[Records from a data collection]
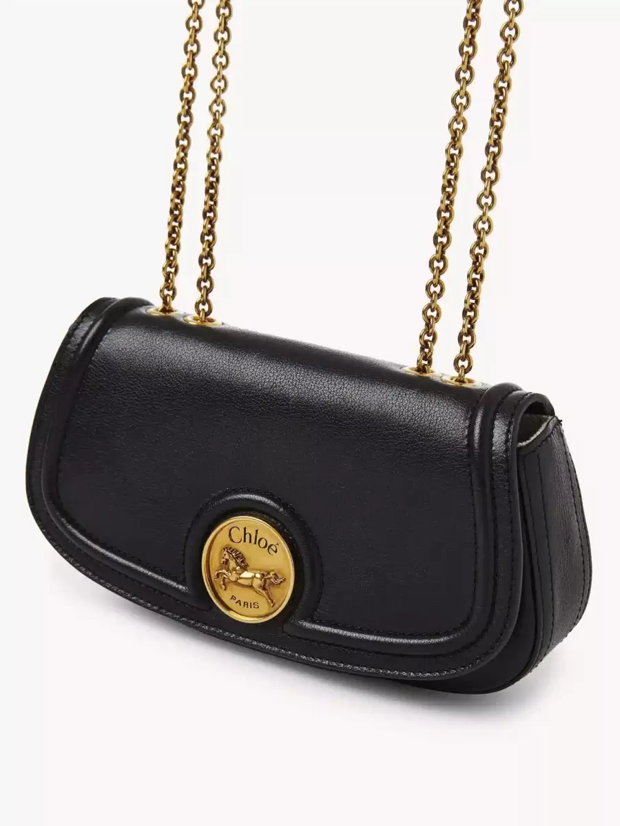 This Horse Medal crossbody bag is crafted from grained buffalo leather. The rounded silhouette pairs graphic lines with the Maison’s iconic gold-tone medal featuring an embossed image of a galloping horse and a Chloé Paris logo engraving.
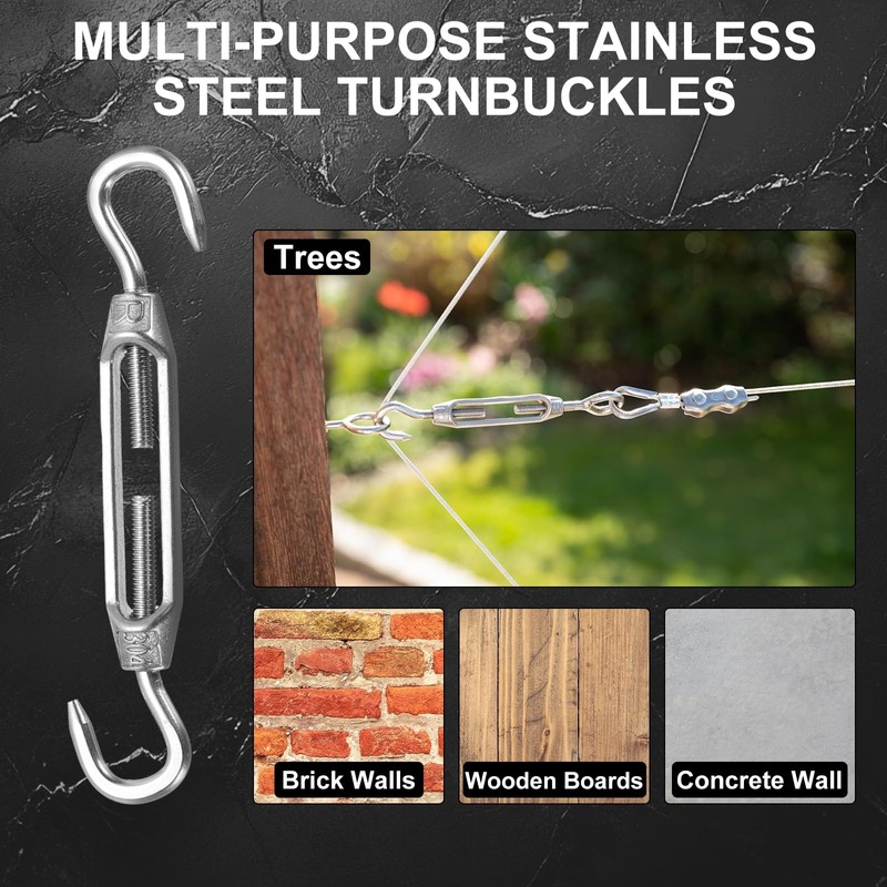 These 304 stainless steel hook and hook turnbuckles are commonly used in rigging, marine, construction, and industrial settings to provide tension and adjust the length of wire rope, cable, and tie-downs in a variety of applications.
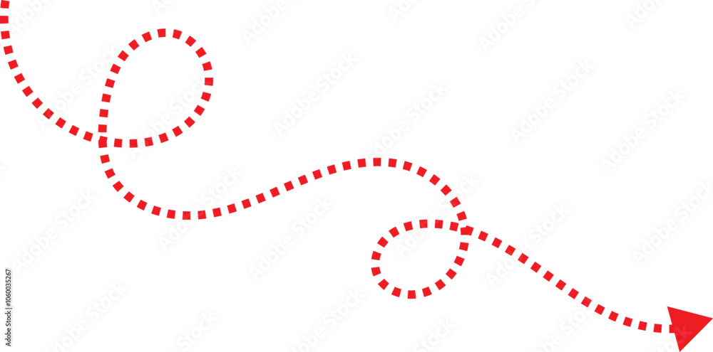 The watermark will not be included on Wall mural.: Squiggle line dashed arrow - dash curved vector editable stroke arrow - isolated on white background -
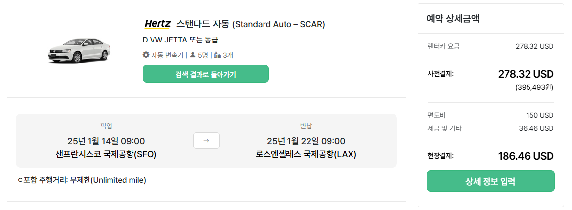 선불결제의 경우, 편도비, 카시트 등의 금액은 포함이 되지 않기 때문에 현장에서 결제를 해야 한다. 그렇기 때문에 샌프란시스코 -> 로스엔젤레스 편도의 경우에는 사전결제는 278.32 USD (약 395,493원)을 결제해야 하고, 나머지 편도비와 세금인 186.46 USD의 경우에는 현장에서 결제하게 된다.
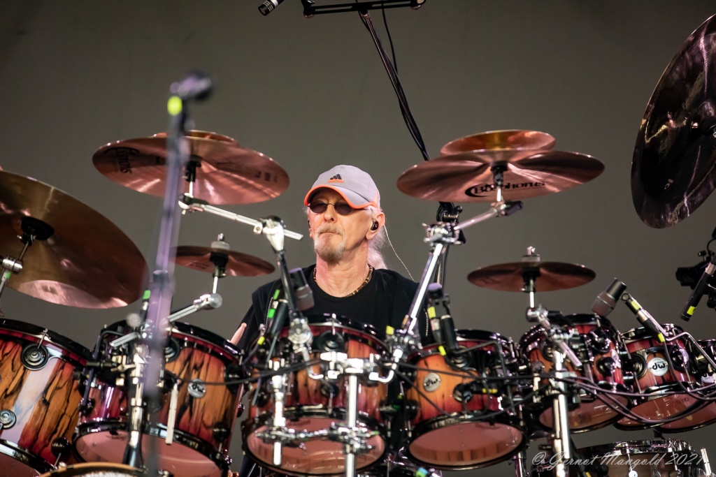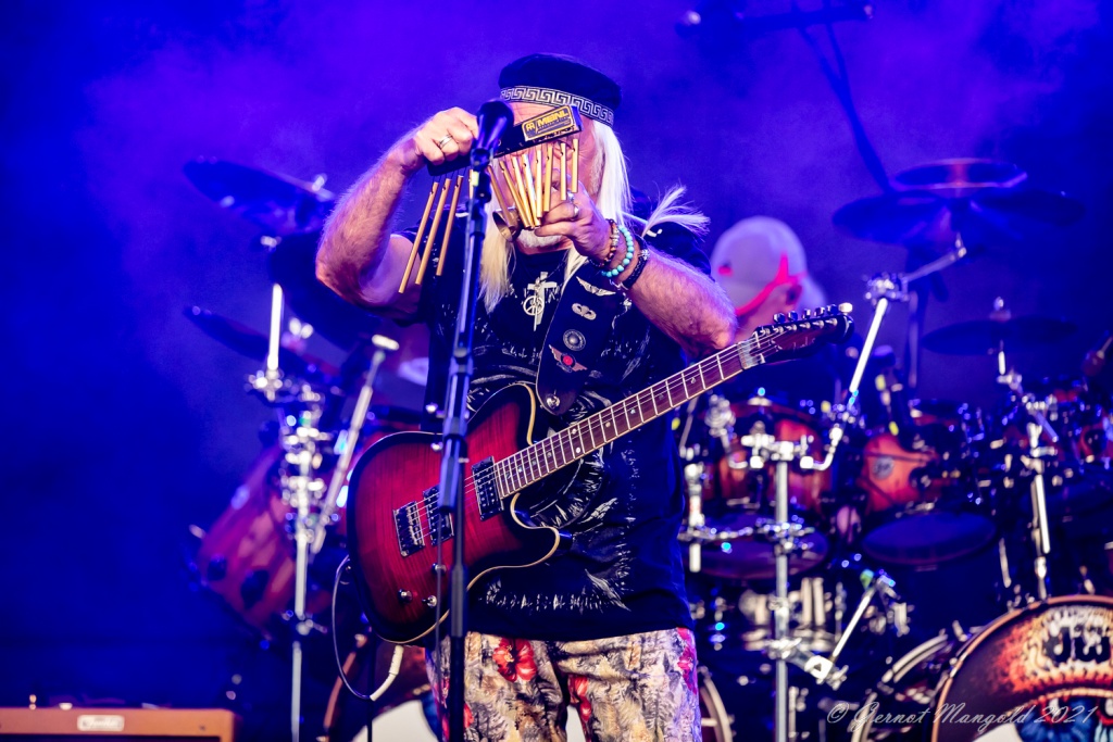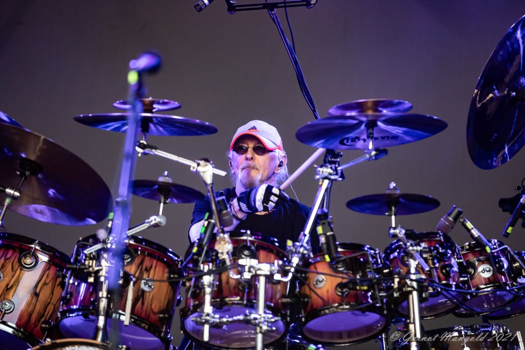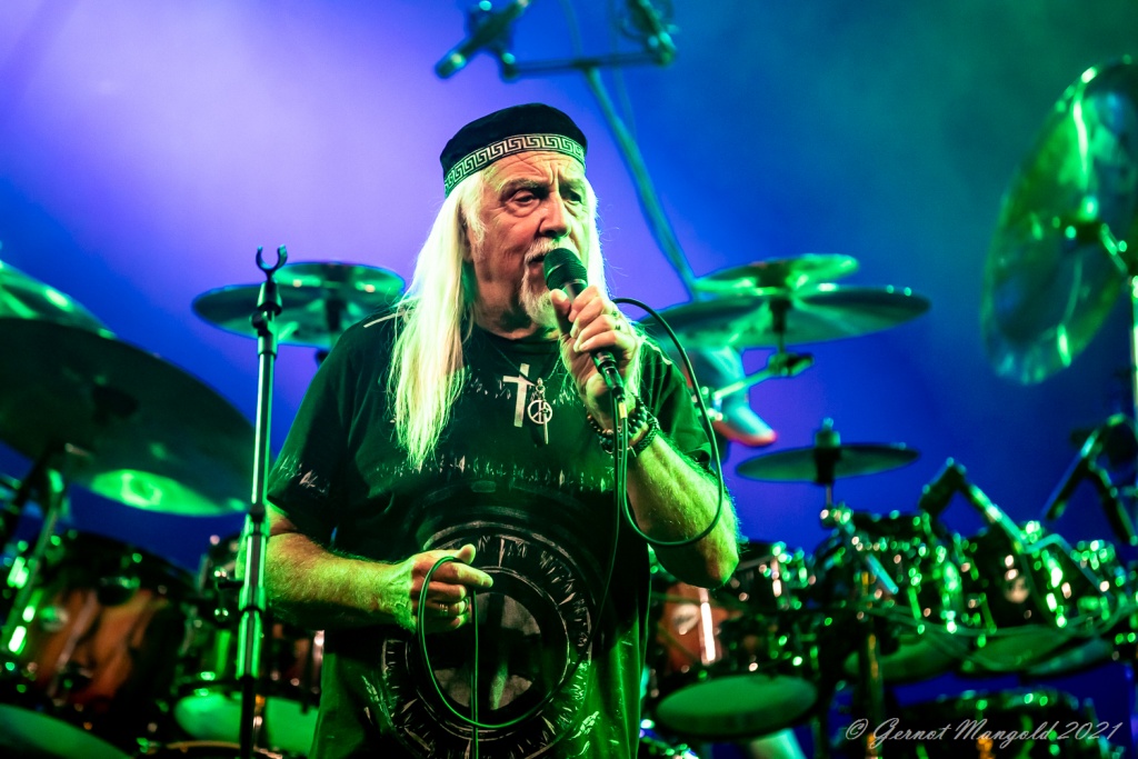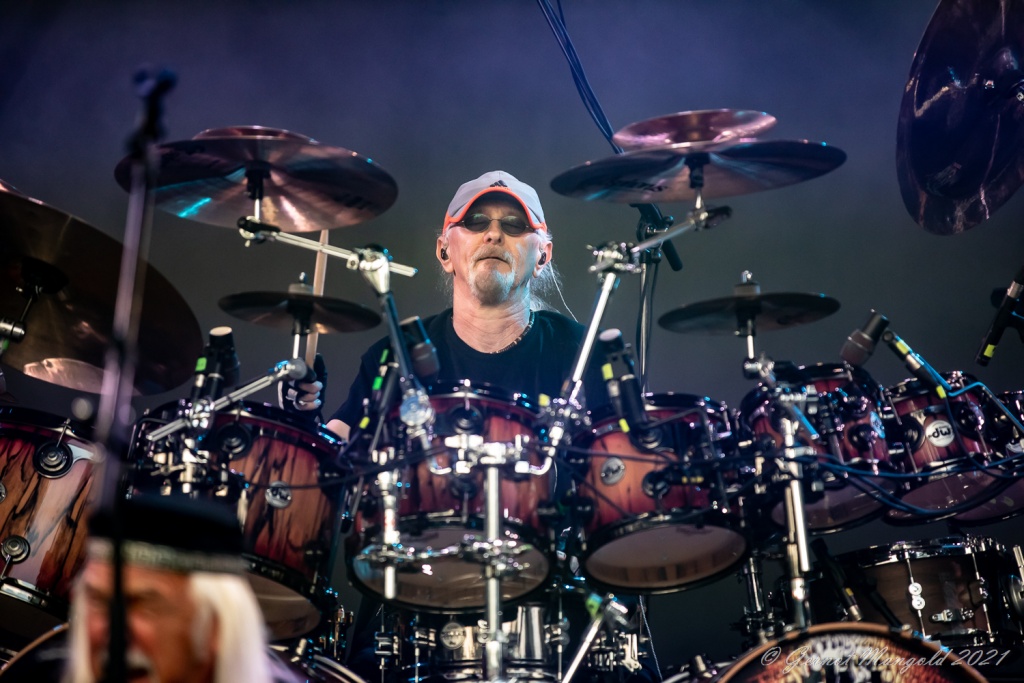 Die Rhythmusfraktion um den zuweilen stoisch den Bass zupfenden Hannes Vesper und das ‚Tier‘ Manni von Bohr an den Drums sorgte für eine Klasse Grundlage der Songs, konnte aber auch mit gekonnter Soloarbeit überzeugen. Rein optisch hatte man auch fast das Gefühl, die Drums würden die ganze Bühne einnehmen.

### Required action
The reply should hold only the lines running from the top of the records to the line containing "선불결제의 경우, 편도비, 카시트", both included, copied exactly with no pictures.

### Exercise solution
 This Horse Medal crossbody bag is crafted from grained buffalo leather. The rounded silhouette pairs graphic lines with the Maison’s iconic gold-tone medal featuring an embossed image of a galloping horse and a Chloé Paris logo engraving.
 These 304 stainless steel hook and hook turnbuckles are commonly used in rigging, marine, construction, and industrial settings to provide tension and adjust the length of wire rope, cable, and tie-downs in a variety of applications.
 The watermark will not be included on Wall mural.: Squiggle line dashed arrow - dash curved vector editable stroke arrow - isolated on white background -
 선불결제의 경우, 편도비, 카시트 등의 금액은 포함이 되지 않기 때문에 현장에서 결제를 해야 한다. 그렇기 때문에 샌프란시스코 -> 로스엔젤레스 편도의 경우에는 사전결제는 278.32 USD (약 395,493원)을 결제해야 하고, 나머지 편도비와 세금인 186.46 USD의 경우에는 현장에서 결제하게 된다.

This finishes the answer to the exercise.